Given material:
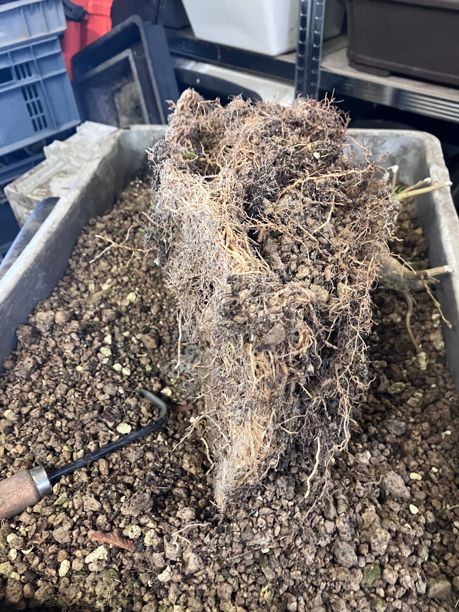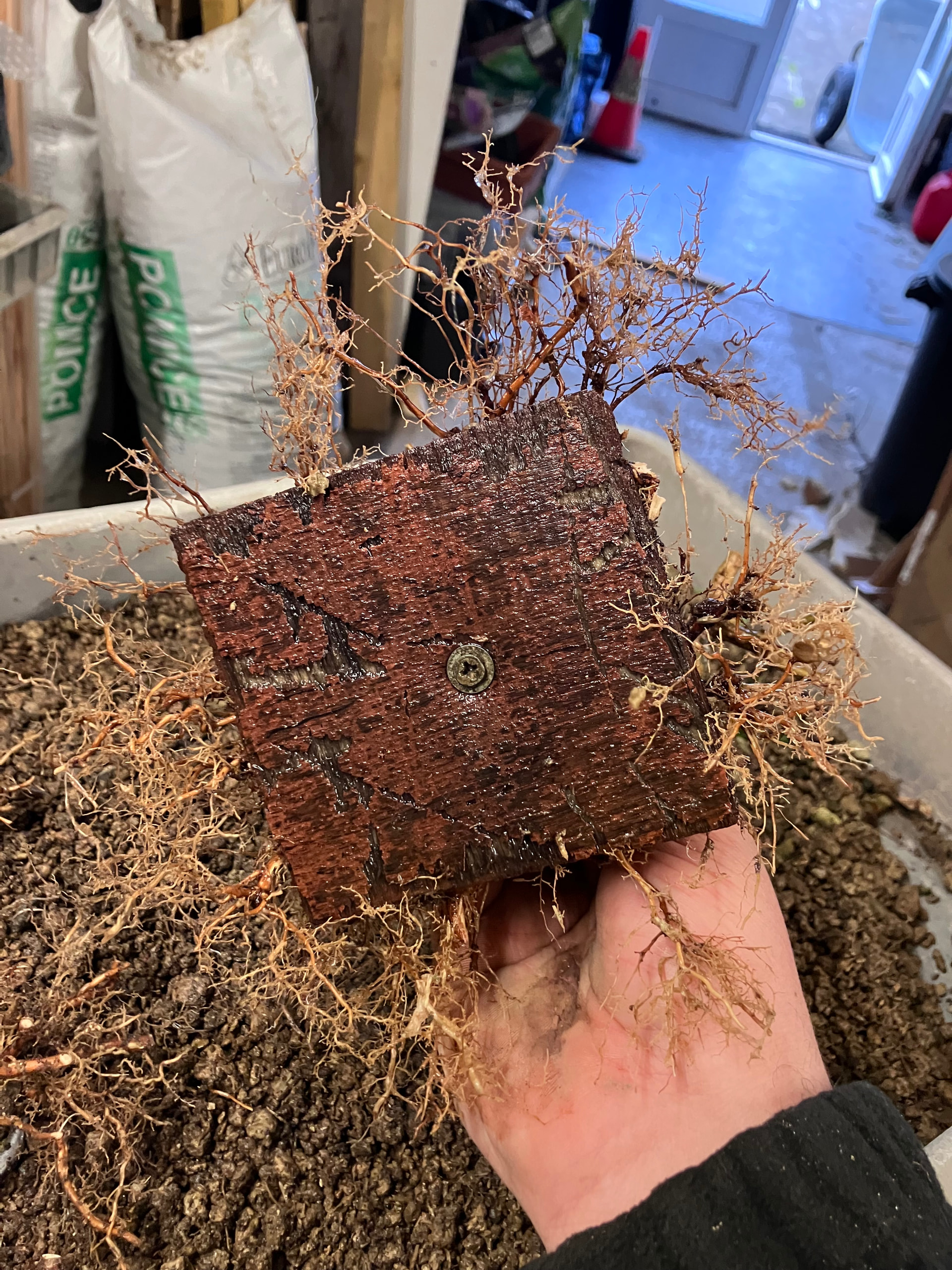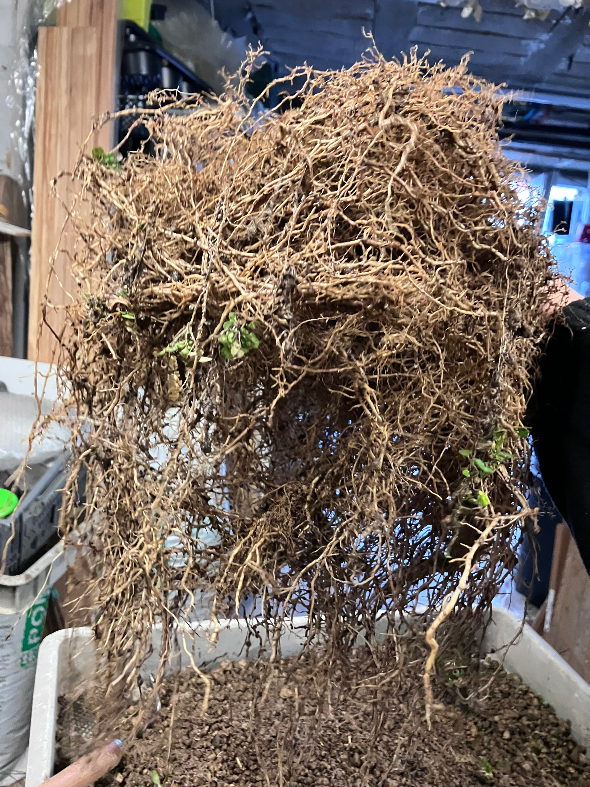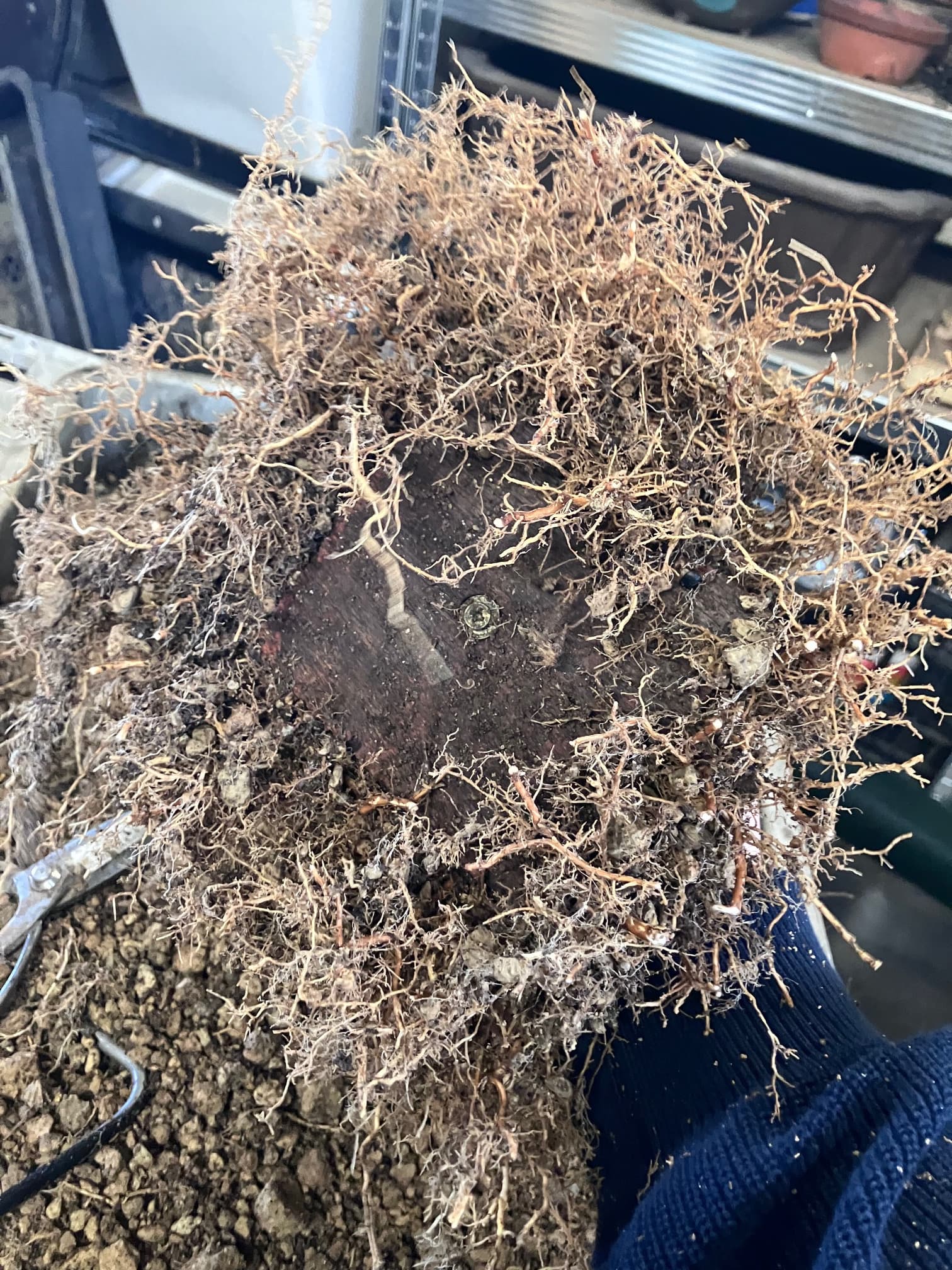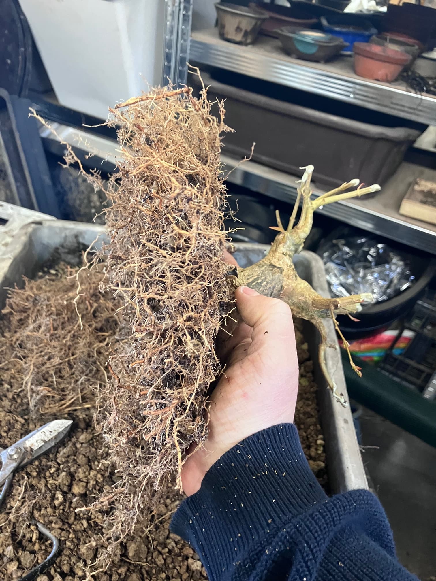 Et puis rincage des racines et tailles réfléchies pour favoriser les petites racines et faire élargir le nebari… tout en favorisant les zones un peu « faible » de l’enracinement (zone et racine entourées) en laissant certaines racines tirer pendant une ou deux saisons. Cela permet d’élargir plus cette zone, et ainsi qu’elle rattrape l’évasement du reste du nebari:
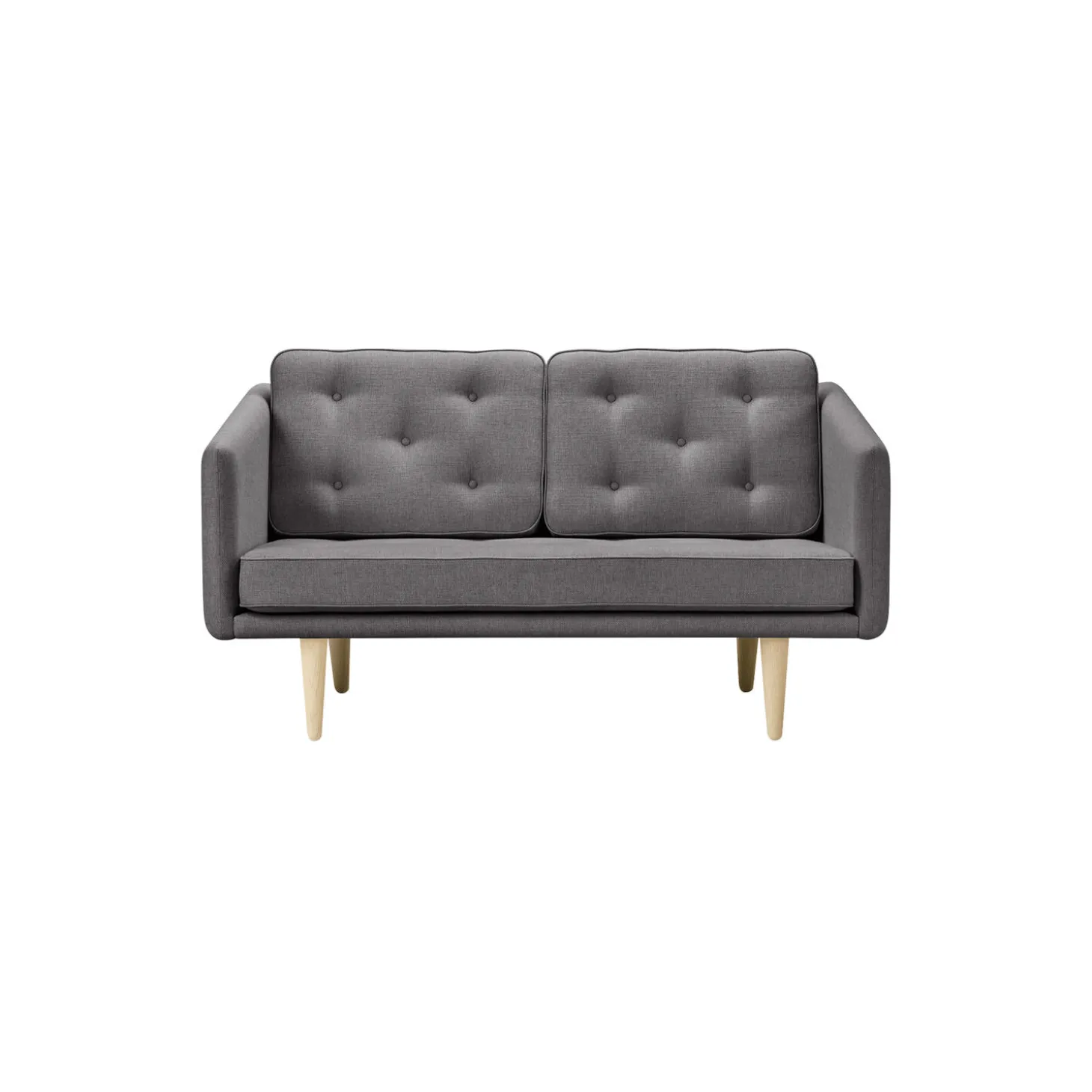 No. 1 2002 2 pers. sofa med polstring i Sunniva 3 242 tekstil af Kvadrat/Raf Simons og stel i sæbebehandlet eg fra Fredericia. Farve: grey. Mål: H: 83 x L: 143 x D: 86 cm. Siddehøjde: 42 cm. Design: Børge Mogensen.
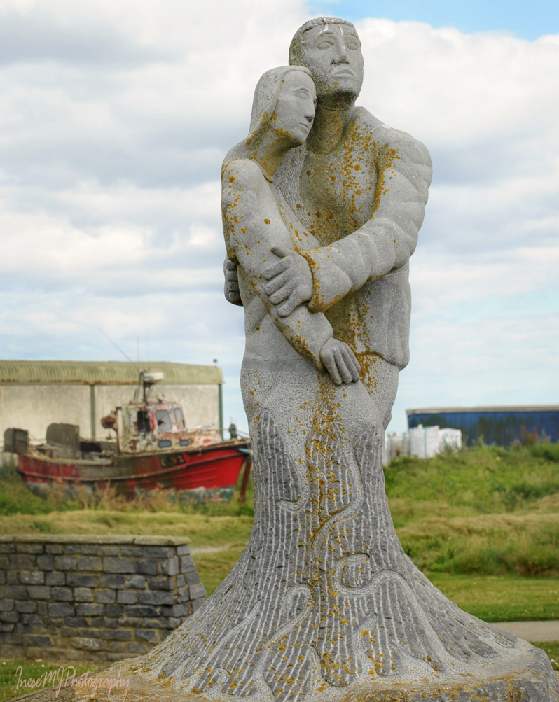 Past Forlorn Point, overlooking Ballyteigue Bay there stands a sculpture depicting a grieving couple. The stretch of sea from the Hook Head to Tuskar Rock, is called Graveyard of a thousand ships. And not only ships. Aer Lingus flight 712 went down into the sea off Tuskar Rock when en route from Cork to London on 24 March 1968, killing all 61 people on board. A cause of the crash was never determined, and only 14 bodies were recovered.

Instructions for the task: Pictures are to be dropped, and the lines from the line with "No. 1 2002 2" through the end of the material above are to be reproduced exactly.

Solution to the exercise:
 No. 1 2002 2 pers. sofa med polstring i Sunniva 3 242 tekstil af Kvadrat/Raf Simons og stel i sæbebehandlet eg fra Fredericia. Farve: grey. Mål: H: 83 x L: 143 x D: 86 cm. Siddehøjde: 42 cm. Design: Børge Mogensen.
 Past Forlorn Point, overlooking Ballyteigue Bay there stands a sculpture depicting a grieving couple. The stretch of sea from the Hook Head to Tuskar Rock, is called Graveyard of a thousand ships. And not only ships. Aer Lingus flight 712 went down into the sea off Tuskar Rock when en route from Cork to London on 24 March 1968, killing all 61 people on board. A cause of the crash was never determined, and only 14 bodies were recovered.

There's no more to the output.